Nel 1978-79 coincidono la conquista della stella per il decimo scudetto vinto e l’ultima stagione da calciatore di Rivera, che con Nils Liedholm in panchina viene riportato sulla trequarti e contribuisce alla vittoria del titolo con 13 presenze, una rete ed un considerevole numero di assist. L’ultima partita ufficiale disputata è Lazio-Milan 1-1 del 13 maggio 1979, sua 501ª presenza in Serie A. Complessivamente nella massima serie conta 527 gare con 128 reti, che diventano 170 in 684 partite comprendendo anche le Coppe nazionali ed internazionali. In maglia azzurra dal 1962 al 1974 totalizza 60 gettoni con 14 reti. Vince il titolo europeo del 1968 anche se assente in finale per infortunio, ed è vicecampione del mondo nel 1970. Il 14 novembre 1973 prese parte alla prima vittoria degli azzurri in casa dell’Inghilterra; l’anno successivo disputò la sua ultima gara in Nazionale, ai Mondiali del 1974, contro l’Argentina, venendo poi nuovamente escluso da Valcareggi nello scontro decisivo per l’eliminazione contro la Polonia
In più occasioni Rivera denunciò le ingerenze della stampa nelle vicende della Nazionale azzurra. Spiegò nel 2003: “Il mio rapporto con la Nazionale è stato abbastanza complicato perché quando giocavo io la formazione della Nazionale era fatta da una “cupola” giornalistica che aveva a capo Gualtiero Zanetti, il direttore della Gazzetta dello Sport; il Milan allora non aveva peso politico, non aveva rapporti con questa struttura, queste ingerenze mi sono sempre sembrate fuori luogo e non l’ho mai nascosto. Ma Zanetti era un vero “Federale”, e uso il termine come si usava nel Ventennio: diciamo che non gradiva il dissenso. E me l’ha fatta pagare finché ha potuto”.
Lo stesso giorno del ritiro di Rivera da calciatore, il presidente del Milan Felice Colombo ne annunciò la nomina a vice presidente, ruolo che mantenne fino al 1987. Con l’arrivo di Silvio Berlusconi, suo futuro avversario politico, nel 1986, con la società ad un passo dal fallimento, l’ex capitano rossonero rimase al suo posto ancora per un breve periodo, per poi lasciare irrevocabilmente la carica a ventisei anni dall’arrivo al Milan: “Volevo essere parte integrante della società a cui avevo dedicato quasi tutta la mia carriera. Quando atterrò Berlusconi, mi fecero capire che per me non c’era più spazio, e cambiai mestiere”.

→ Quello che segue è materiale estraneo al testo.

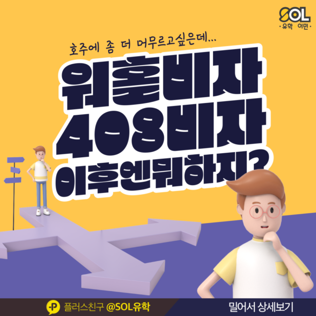 호주 코비드 비자 408비자 폐지 발표. 이후 호주 체류 가능한 옵션은? 호주 세컨비자, 호주 써드비자, 호주 장기비자 고민이라면 SOL유학이민과 함께하세요.

Nel 1987 intraprese così la carriera politica e venne eletto in diverse legislature (prima nella Democrazia Cristiana e poi in partiti dell’area Centro-Sinistra), ricoprendo l’incarico di sottosegretario alla Difesa nei governi Prodi I, D’Alema I e II ed Amato II.
Nel 2010 è stato chiamato dal presidente della Federazione Giancarlo Abete a presiedere il Settore Giovanile e Scolastico della FIGC e dal 2013 è alla guida del Settore Tecnico di Coverciano.
Occupa la 20ª posizione nella speciale classifica dei migliori calciatori del XX Secolo pubblicata dalla IFFHS ed è considerato uno dei migliori giocatori italiani di sempre e uno dei più grandi numeri 10 della storia del calcio. Nel 2004 è stato inserito nel FIFA 100, una lista dei 125 più grandi giocatori viventi,selezionata da Pelé e dalla FIFA in occasione del centenario della federazione, e nel 2013 è entrato a far parte della Hall of Fame del calcio italiano. È il 10º calciatore più presente e il 41º più prolifico (primo tra i centrocampisti) in Serie A.